ATTENTION: All SIRV-Sets are currently shipped on dry ice and should be stored at, or below, -20°C upon arrival. No resolubilization is required. Please see User Guide for detailed information on changed shipment, storage, and usage conditions.
The Spike-In RNA Variants (SIRVs) are sets of transcript designed to validate and control the performance of RNA sequencing workflows, especially how bioinformatics algorithms correct biases introduced by library preparation and sequencing. This SIRV-Set 3 combines the equimolar SIRV isoform mix E0 and one ERCC mix. The E0 mix provides controls for resolving isoform complexity by containing 69 SIRV isoforms at the same molarity. This is complemented by 92 non-isoform ERCC transcripts of unique sequence identity at a concentration range of 6 orders of magnitude. The spike-ins can be used with different RNA inputs (total RNA, poly(A) selected RNA, or rRNA-depleted RNA), library preparation methods and sequencing platforms.
Features and Application:
- Comprehensively reflects variations of alternative splicing, alternative transcription start- and end-sites, overlapping genes, and antisense transcripts, as well as variations of concentrations
- Efficient evaluation of isoform-specific workflows
- Covers the entire dynamic range of endogenous RNA
- Applicable to pipelines with low read-depth
- Validation and control of mRNA quantification workflows probing isoform detection and concentration measures
- Evaluation of experiment concordance to assess the comparability of data sets
- The kit contains 1, or 3, tube(s) with SIRV isoform mix E0 combined with one ERCC mix.

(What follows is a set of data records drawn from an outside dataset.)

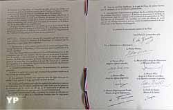 ![]() Hôtel de Bourvallais - loi constitutionnelle relative à l'élection du président de la République au suffrage universel signée par le général de Gaulle le 6 novembre 1962 (doc. Yalta Production) | ![]() Hôtel de Bourvallais - sceau pendant en cire jaune de la République (1962) (doc. Yalta Production) |
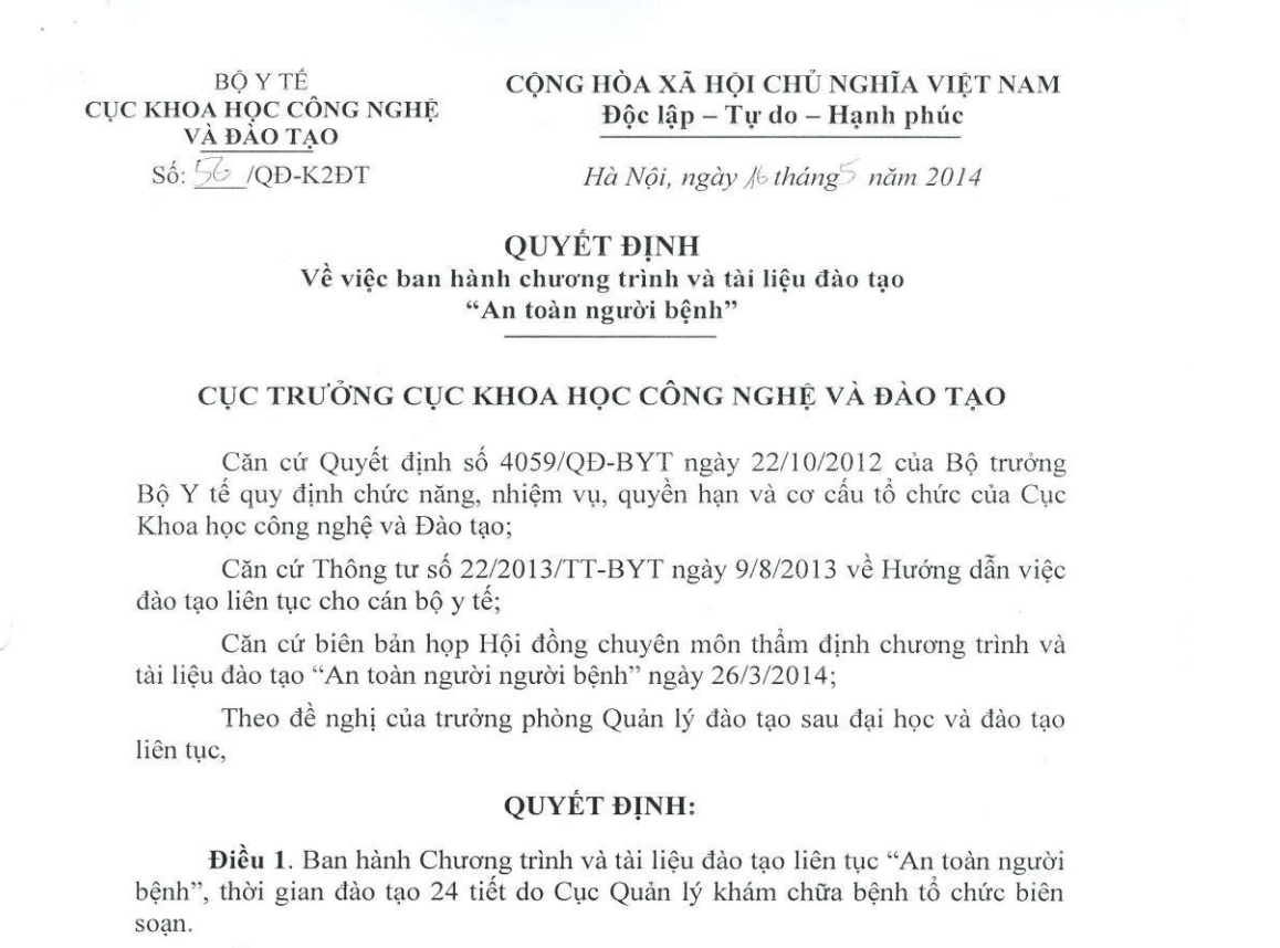 Căn cứ biên bản họp Hội đồng chuyên môn thẩm định chương trình và tài liệu đào tạo “An toàn người người bệnh” ngày 26/3/2014;
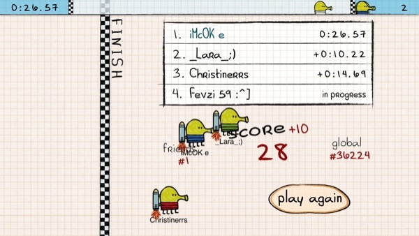 人红是非多!这话放在 Flappy Bird 身上一点都不为过。这不,拥有千万下载量的老大哥 Doodle Jump(涂鸦跳跃)也坐不住了,在 Doodle Jump 五周年来临之际,开放商 Lima Sky 为其制作了一款纪念版小游戏 —— Flappy Doodle,哦…不对,是叫 Doodle Jump Race。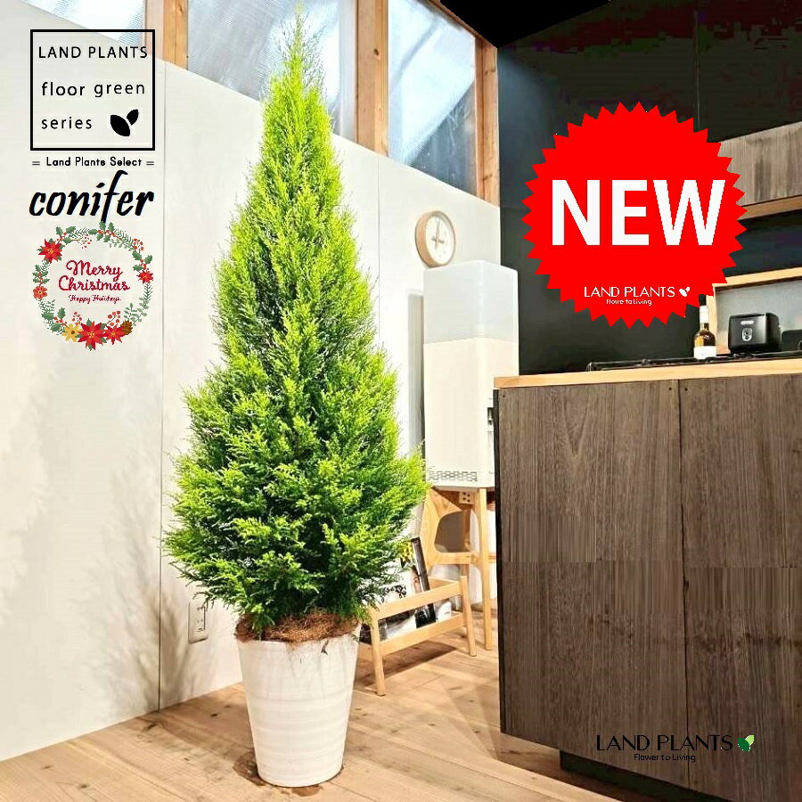 ゴールドクレスト(ツリー型:180cm) 10号 白色 セラアート鉢 1鉢 【受皿・ココファイバー】 クリスマス クリスマスツリー ヒバ コニファー コニファ ヒノキ 針葉樹 conifer Hesperocyparis macrocarpa 'Goldcrest'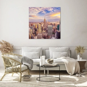 Impression sur verre - Image sur verre - Panorama de la ville avec des gratte-ciels au coucher du soleil - 50x70cm - Atteindre les nuages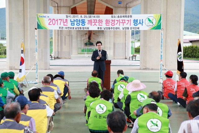 경남 사천시 남양동 자연보호협의회는 지난 25일 자연보호 회원을 포함한 동 조직원 130여명과 이 참여한 가운데 2017년 남양동 깨끗한 환경가꾸기 행사를 실시했다.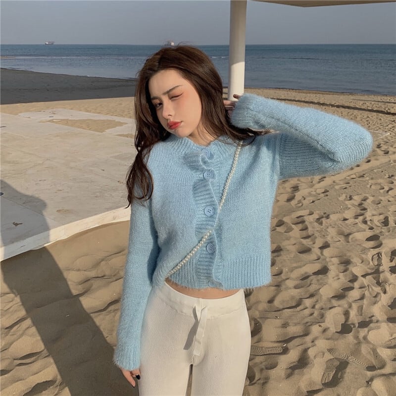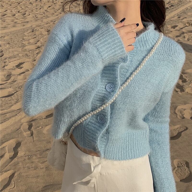 ニットセーター カーディガンジャケット レディーススプリングブルースタイルルーズ 春物 ブラックストロベリース8125258422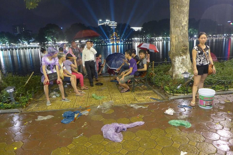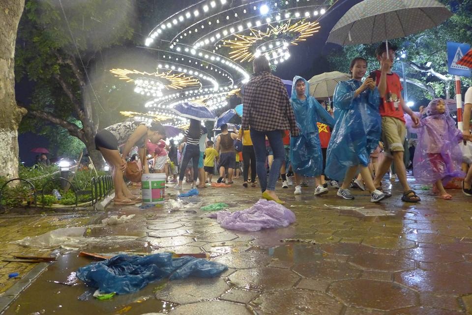 Tối 2/9, hàng nghìn người dân kéo về hồ Gươm xem bắn pháo hoa bất chấp trời mưa. Khi màn pháo kết thúc, người dân ra về, vỉa hè ven hồ vương đầy áo mưa, rác rưởi.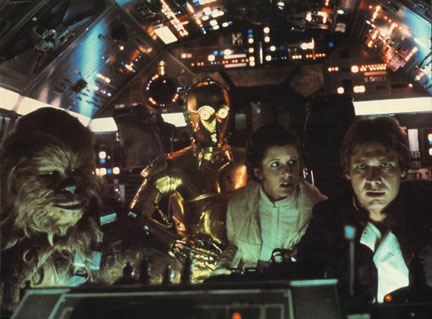This page is dedicated to my favorite Science Fiction series: Star Wars. In here I'll be putting up images and sounds taken straight from the movies. Just scroll down and click on the links to view/listen to them. In the column to the right you'll see a small description or commentary and the size of the image or sound. This is for those of you who have rather slow ISP service like me, so you'll have an idea of how long you're gonna have to wait before actually slamming your fist into your computer monitor. I'll try and get more soon.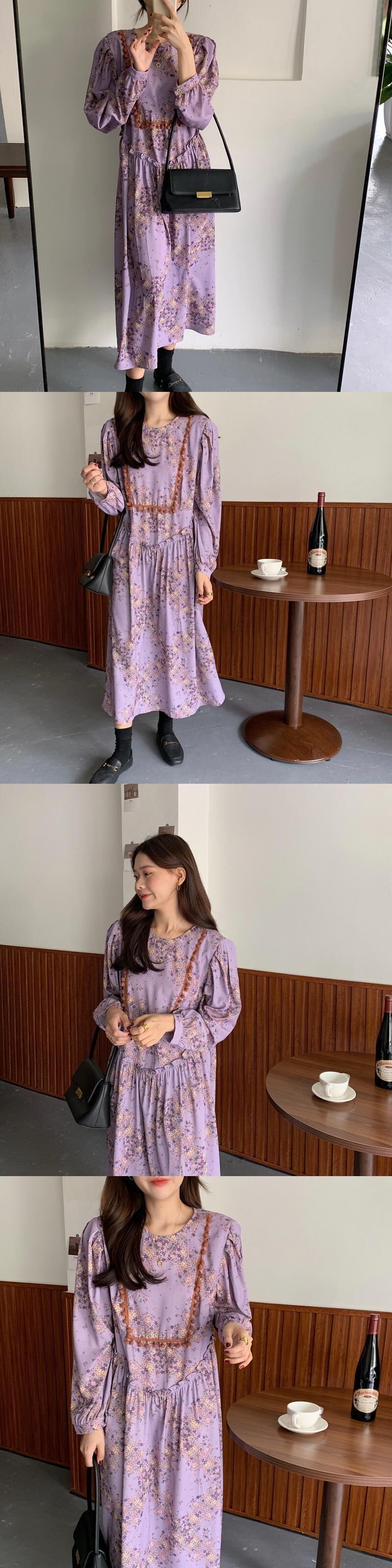 オータムウィンタースタンダードスタイルカラーフローラルルーズ薄手スリーブロングドレス レトロ 大人ガーリー スウィート キュート カジュアル 秋物 冬物 花柄 ICC_レディース19394495107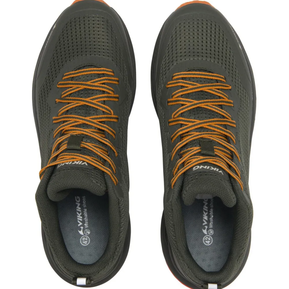 Dank der leichten EVA-Zwischensohle genießt Du optimale Dämpfung, auch wenn der Weg mal länger wird. Die robuste Außensohle aus Gummi-Mix gibt Dir Halt auf unterschiedlichstem Untergrund – von nassem Asphalt bis hin zu weichen Waldpfaden. Innen sorgt die Airflow-Einlegesohle für ein frisches Tragegefühl. Und nach dem Einsatz? Den Schuh einfach bei 30 °C in der Maschine waschbar.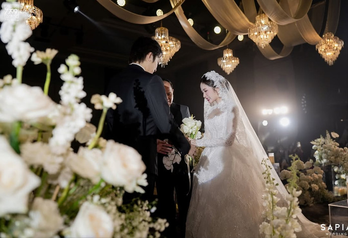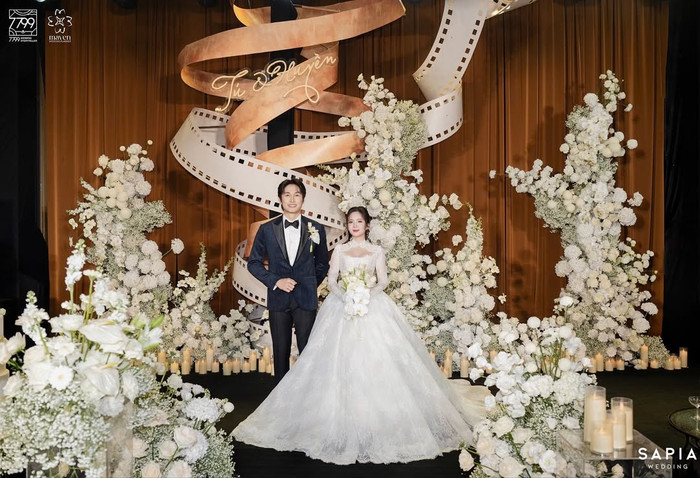 Sau đó, tại tiệc cưới chính thức, Ngọc Huyền xuất hiện rạng rỡ trong chiếc váy cưới lộng lẫy, toát lên vẻ thanh lịch và ngọt ngào như công chúa giữa không gian tràn ngập hoa tươi. Cặp đôi nhận “mưa lời khen” từ khán giả bởi độ đẹp đôi, được ví như “gấp đôi visual” khi cả hai đều sở hữu ngoại hình nổi bật và phong thái cuốn hút.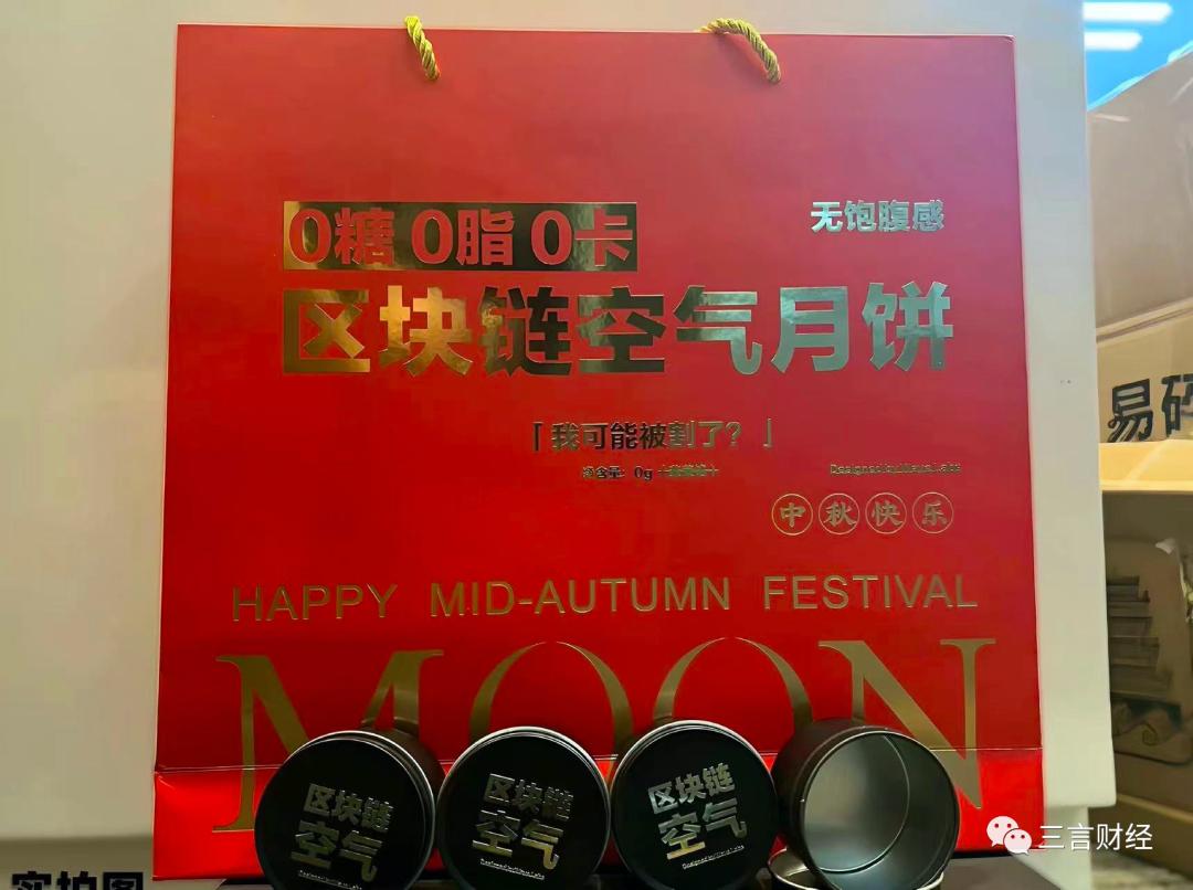 今年还出现了一款“区块链空气月饼”,从网上流传的图片来看,这款空气月饼的包装袋上写有“0糖0脂0卡”、“无饱腹感”、“我可能被割了?”字样。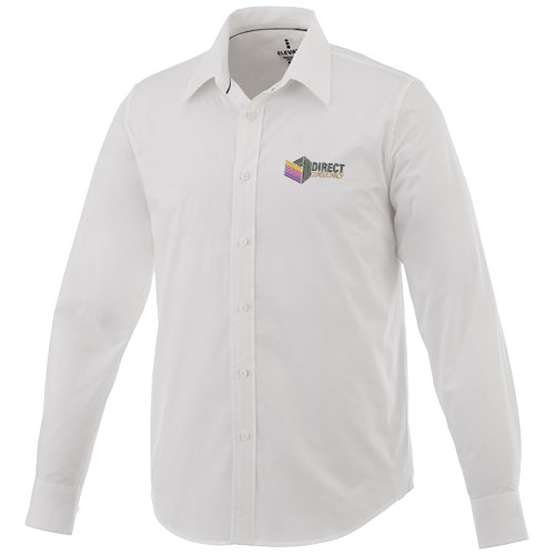 The Hamell long sleeve men's stretch shirt – an ideal combination of style and comfort. This woven shirt features a lightweight poplin fabric of 97% cotton and 3% elastane. Poplin fabric is known for its tight weave, which provides exceptional durability while maintaining a soft and smooth texture against the skin. This means that the Hamell shirt is not only comfortable to wear but also resistant to everyday wear and tear, ensuring long-lasting use. The added stretch provides ultimate freedom of movement, ensuring optimal comfort throughout the day even more. Its hidden button-down collar adds sophistication while maintaining a clean look.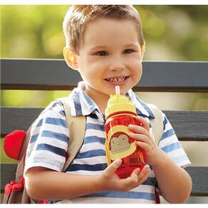 Garrafa Flip Macaco Zoo Skip Hop, fofa e divertida para crianças. Ideal para levar água e sucos para a escola ou passeios.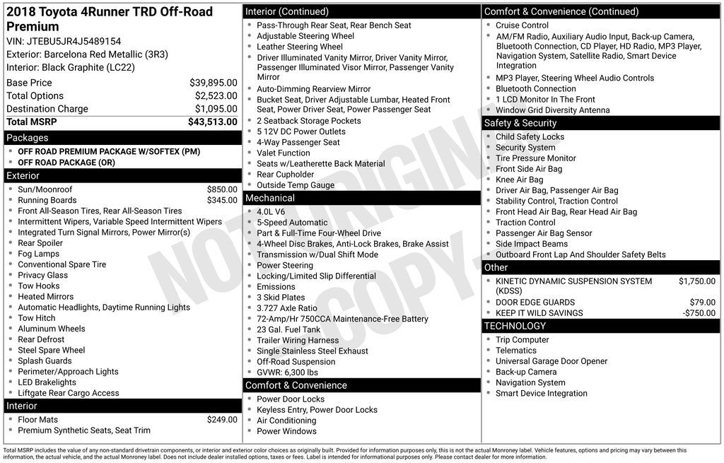 2018 Toyota 4Runner TRD Off-Road Premium
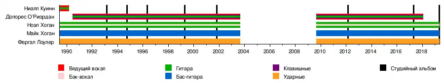 - Долорес О’Риордан — ведущий вокал, гитара, клавишные (1990—2003, 2009—2018; умерла в 2018)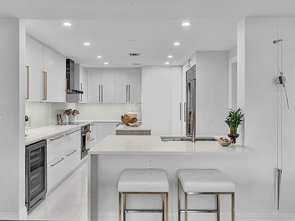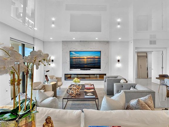 Walk through the double doors into the epitome of elegance-Unit has been recently remodeled in the best of taste- Kitchen features White high gloss cabinetry, stunning white countertops, Sub Zero refrigerator, and top of the line Stainless Steel Appliances and wine cooler-Luxurious White porcelain tile throughout -Split bedrooms Plus a Den With a tray ceiling and designer wall coverings-Breathtaking Electric Fireplace encased in porcelain accents the living room along with a Gorgeous stretch ceiling-Royal Primary Bathroom finishes with a King Size Shower and free standing bathtub-Designer light fixtures and wall coverings showcase this unit- Huge East facing balcony is like an extra room-Enjoy Coffee on the terrace and watch the sunrise ! NEW A/C !!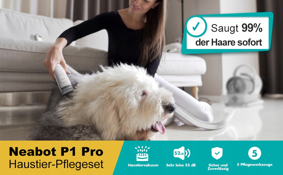 - 【Пылесос для шерсти домашних животных】Традиционные инструменты для ухода за шерстью домашних животных приносят много хаоса и шерсти в ваш дом. Но наш набор для ухода P1 Pro с функцией вакуума всасывает 99% шерсти домашних животных, одновременно подстригая и расчесывая волосы в контейнер, который может поддерживать чистоту в вашем доме. Больше никаких спутываний и скоплений волос по дому.
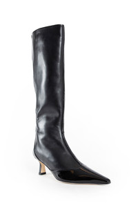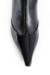 DESCRIPTION - Black - Nappa and patent leather - Front t-bar overlay - Pointed toe - Back zip closure - Slim kitten heel DETAILS - Made in: Italy - Composition: 80% Lambskin 20% Calfskin - Model code: A11KB0586019001225 BLK - Item ID: 9726049190230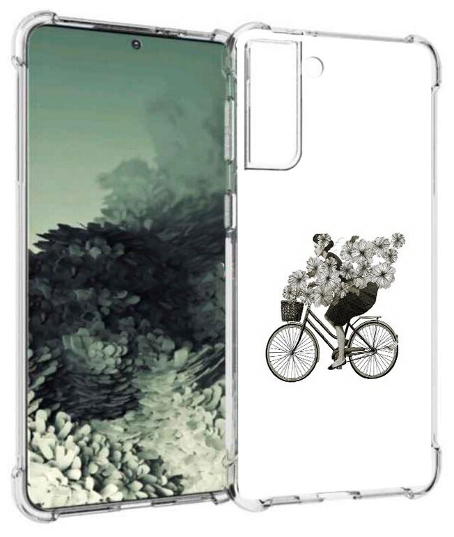 10 цен на Чехол задняя-панель-накладка-бампер MyPads девушка на велосипеде с цветами для Samsung Galaxy S21+ plus (SM-G996) противоударный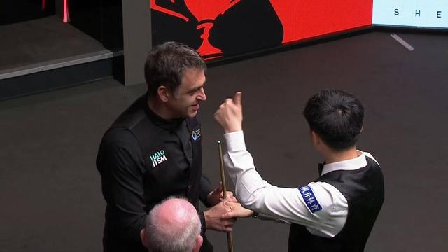 赵心童和奥沙利文在比赛中握手交谈 图/世界斯诺克巡回赛官方微博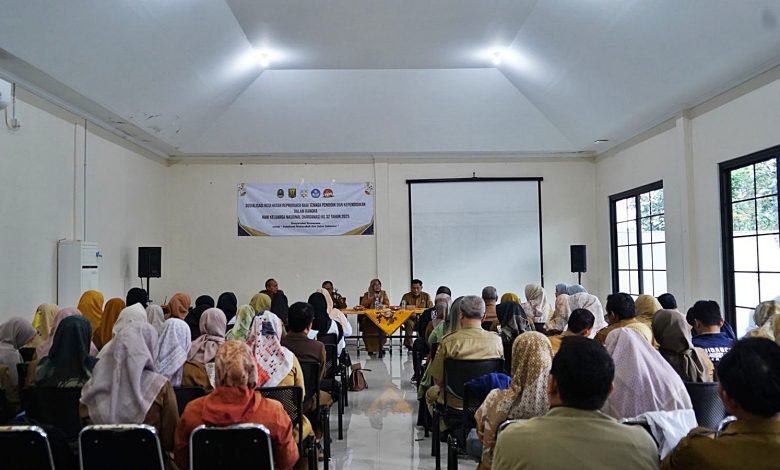 Elmitra News – Dalam rangka memperingati Hari Keluarga Nasional (HARGANAS) ke-32, Dinas Pengendalian Penduduk dan Keluarga Berencana (DPPKB) Kabupaten Sukabumi menggelar kegiatan Sosialisasi Kesehatan Reproduksi bagi Guru dan Tenaga Kependidikan jenjang SLTA se-Wilayah V Kota dan Kabupaten Sukabumi. Kegiatan ini dilaksanakan di Kantor Cabang Dinas (KCD) Pendidikan Wilayah V, dan diikuti oleh 60 peserta dari kalangan pendidik, pada Senin (23/06/2025).

- The dried content of each tube has to be reconstituted in water and is sufficient to spike at least 9 times dozens to hundreds of RNA-Seq samples (or millions of single-cell RNA-seq samples).
- Molecular-biology grade water for reconstitution and dilution of the RNA.
Compatible with almost all RNA-Seq protocols, including polyA-selective methods (only excluding Cap-specific preparations).